Grand Parade Trendlines

15 November 2021 By PDSNET

Technical analysis, which is the search for and analysis of patterns in share price charts, can become very complex and mathematical. Literally thousands of line indicators have been developed which claim to improve the investor’s probability of being right when determining the moment when a share’s price turns. In our experience, the best approach is to choose a few technical indicators and become thoroughly familiar with them – so that you develop a “feel” for their interpretation.

One of the best indicators is the humble trendline and it has the great benefit of also being one of simplest. A trendline is a straight line connecting two or more “touch points” in a trend. These touch points are the high points when the share is falling, and the low points when it is rising. Very often trendlines connect more than just two touch points and the general rule is that the more touch points a trendline has, the more reliable it becomes.

Let us look at the example of Grand Parade Investments (GPI). Consider the chart:

Grand Parade (GPI): October 2013 - November 2021. Chart by ShareFriend Pro

You can see here that Grand Parade’s shares had been falling for a four-year period from October 2014 to September 2018. This was due to its disastrous foray into the fast-food business. The company bought and tried to run various overseas food franchises, including Dunkin Doughnuts, Baskin Robins and Burger King. Eventually it made the decision to sell these franchises and focus on its gaming businesses. Notice that the downward trendline has six touch points which we have highlighted with red arrows. This makes it a very reliable trendline. We advised investors to wait for an upside breakout.

Once that decision to get out of the food business was taken, the share began to recover and broke up through the trendline on 27th August 2018 at 201c. After that it did well until the start of the pandemic in 2020, which had a very negative impact on both casinos and restaurants.

The share fell heavily and, once again, we advised waiting for an upside breakout through the downward trendline. That upside break came on 18th September 2020 at a price of 190c. Since then, the share has risen to its current price of 348c – a gain of 83% in just over a year.

Its stake in Burger King was the last food asset to go after some temporary and irrational resistance from the Competition Commission. Burger King and the Grand Foods Meat Plant were sold in a deal worth R570m. Last Thursday (11-11-21) the company announced that an amount of R465,4m had been received, of which about R88m had to be used to settle debt, but the balance was to be given to shareholders in a special dividend of 88c per share.

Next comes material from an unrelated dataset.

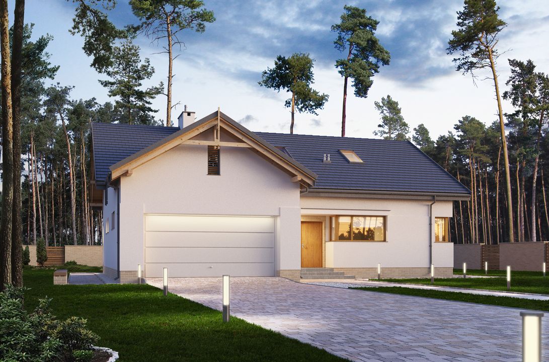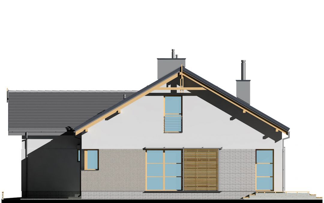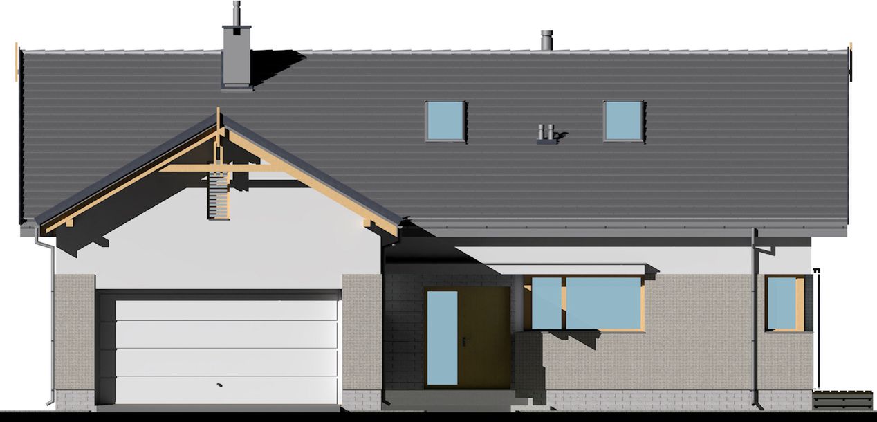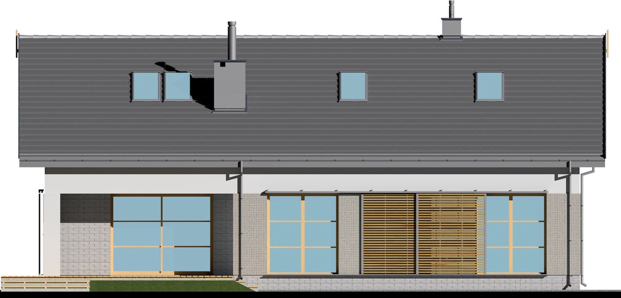 Graficzne opracowanie rzutów poglądowych widocznych na karcie projektu zostało wykonane przez Extradom.pl. Prezentowane przez Extradom.pl wizualizacje wykonane zostały przez autora projektu i należy poczytywać je jedynie za przykład i propozycję wykończenia, wizję architektoniczną autora projektu. Ostateczne wykończenie budynku może nastąpić na wiele sposobów. Szczegółowe rozwiązania zastosowane w oferowanej dokumentacji - w tym również ilość, lokalizacje i wygląd okien, drzwi, kominów - mogą w niewielkim stopniu różnić się od prezentowanej wizualizacji budynku.

This dividend, of course, is subject to dividend withholding tax (DWT) of 20% - so shareholders will actually receive 70,4c per share – which they can add to the substantial capital gain which they have already made.

So, we advise you to apply trendlines – especially, to shares which have fallen heavily or for a protracted period – and then simply wait for an upside break. Note that trendlines can also be used to determine when an upward trend has ended. Looking at the above chart try to see where upward trendlines could be positioned.